#19

Mógłby przysiądź, że pojawiła się tu znikąd. Dziewczyna metr 56, długie, czerwone włosy, bardzo dziwne oczy i mundurek Teiko. Stała spokojnie koło jego łóżka z lekkim uśmiechem na twarzy. Patrzył się z przerażeniem w jej oczy. Były inne. Jej krwistoczerwone tęczówki okalała głęboka czerń. Takie oczy można było po równać tylko do istoty równej demonowi, a jednak stała tu przed nim dziewczyna zadziwiająco do niego podobna.

-Witaj Sei-nii -odparła i usiadła na łóżku.Czerwonowłosy dalej stał przy biurku. Przyglądał się jej ruchom i jej zachowaniu. Zachowywała się tak lekko, jakby nieprzyszła tu z takiego ważnego dla niego powodu, a tylko po to żeby z nim poplotkować. Westchnęła, wstała i stanęła naprzeciwko niego.

-Kidzuka- powiedział nieświadomie.

-Tak braciszku, coś sie stało?- podeszła jeszcze bliżej, a on z każdym jej krokiem cofał się, aż w końcu potknął się o biurko i upadł. Stała nad nim z pobłażliwym uśmiechem na twarzy. Jednak po chwili spuściła głowę i zaczęła się psychicznie śmiać.

-Oj boże, jesteś taki słodki Sei-nii- ukucnęła i przybliżyła się do leżącego na ziemi chłopaka. Złapała jego twarz w ręce i ucałował go w czoło. Spojrzała mu głęboko w oczy.

-Chodźmy już- odwrócił głowę.

-Jak sobie życzysz braciszku- jeszcze raz ucałowała go w policzek i wstała razem z nim. Wyszli z pokoju i skierowali się w stronę schodów. Zeszli na dół i skierowali się w stronę drzwi do piwnicy. Schodzili po schodach i dotarli do niewielkiego pomieszczenia z wieloma pudłami przy ścianach. Gdzie nie gdzie stały stare meble i znalazło się nawet stare pianino. Kidzuka podeszła do niego i na rozstrojonych klawiszach zaczęła wygrywać tylko sobie znaną melodie. Po chwili przestała. Seijuuro zaczął przeszukiwać pudła.

-Czego dokładnie szukamy- zapytał się nie odwracając wzroku od pudła, które teraz przeszukiwał.

-Zapytaj się naszej matki.- spojrzał na nią zdenerwowany.

-Jak już coś to mojej matki, dalej nie wiem, kim ty jesteś i co ty tu robisz.
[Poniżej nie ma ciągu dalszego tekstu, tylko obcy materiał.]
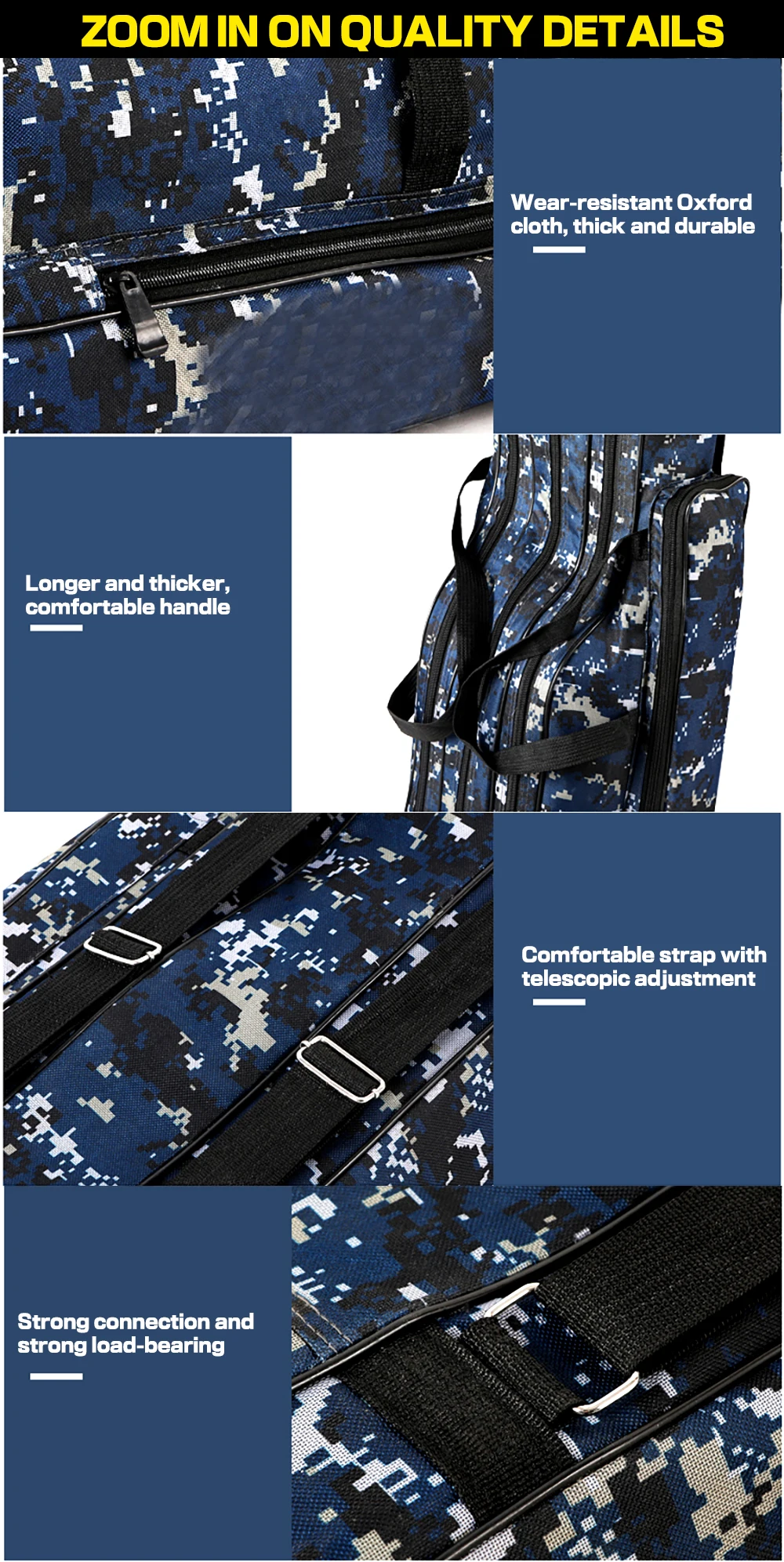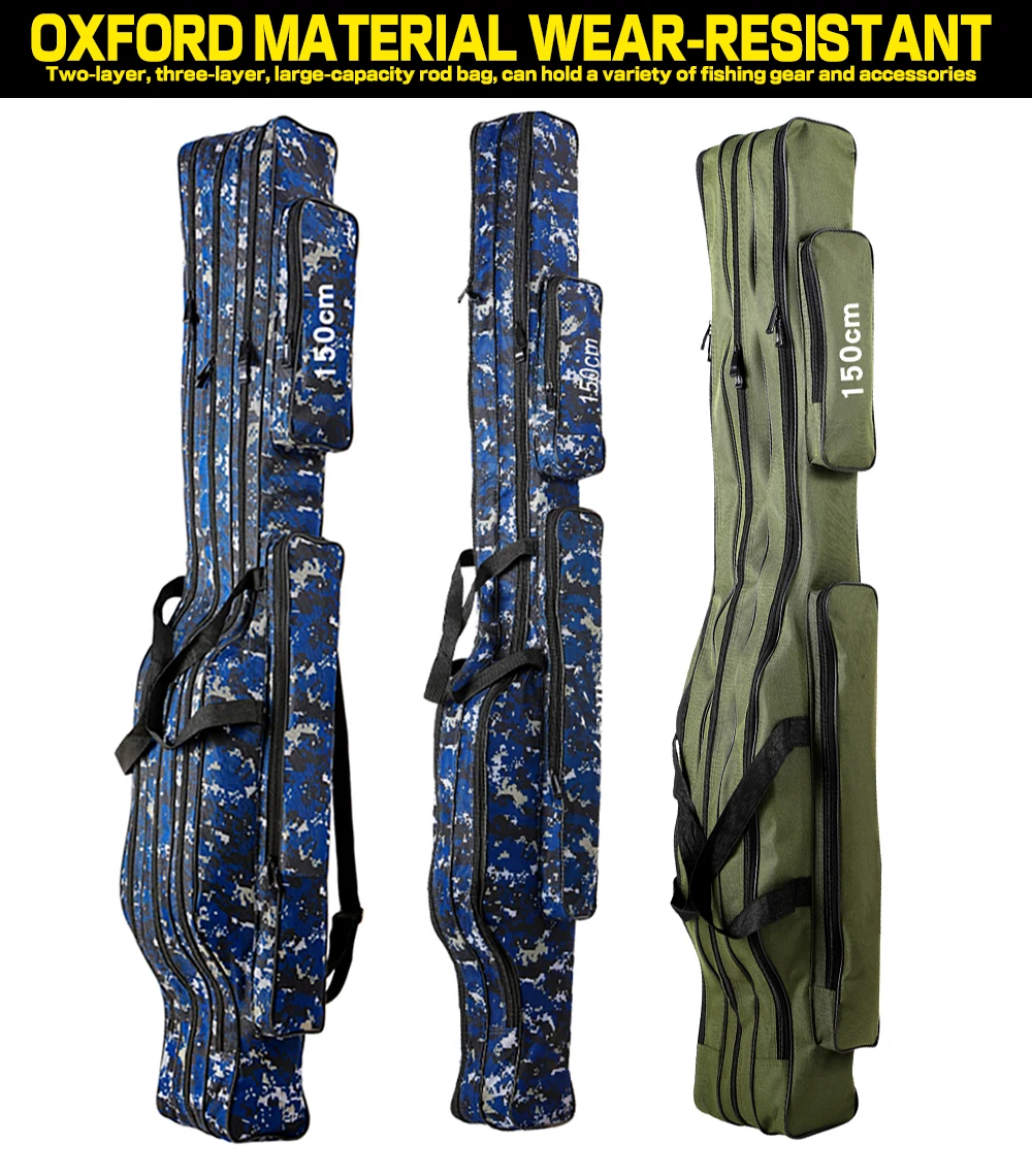Features Made of canvas, water-resistant and wear-resistant, very durable. It contains two or three main compartments with side pouches. Large capacity and adjustable straps, convenient and portable. Wonderful companion for anglers. Specifications Material: 1280D Canvas Color: Green / Blue (optional) Layer: Two / Three (optional) Length: 110cm / 120cm / 130cm / 150cm (optional) Package List 1pc * Fishing Bag

-Tak trudno jest ci zrozumieć to, że masz siostrę?-puścił to pytanie mimo uszu. Pod czas gdy on przeszukiwał dokładnie zakamarki piwnicy, ona bawiła się wszystkim co tu znalazła. Odpijała starą piłkę, układała pasjansa z kart i przed starą, zakurzoną toaletką pozowała z wielkim kapeluszem na głowie.

-Ładnie w nim wyglądam ?- zapytała się z uśmiechem.Nawet na nią nie spojrzał. Wzięła stare zdjęcie i postawiła przed nim- Dalej uważam, że jest piękna.

Spojrzał na nią i wydawało mu się jakby zobaczył postać ze zdjęcia. Był wręcz identyczna. Zakręciło mu się w głowie.

-Już odpływasz? Trochę szybko, myślałam że dłużej ze mną posiedzisz- złapała go za ramiona, usiadła i położyła go przed sobą.

-Co robisz Kidzuka?- spytał się nie wyraźnie. Jego wzrok był coraz bardziej zamazany i było mu coraz słabiej.

-Spokojnie braciszku- zaczęła głaskać go po głowie, aż zaczną miarowo oddychać. Nachyliła się nad nim i czule ucałowała w spierzchnięte usta.

-Słodkich snów Sei-nii.

________________________________________

Przewiduje jeszcze około dwa, trzy rozdziały. Łapajcie Kidzuke ;)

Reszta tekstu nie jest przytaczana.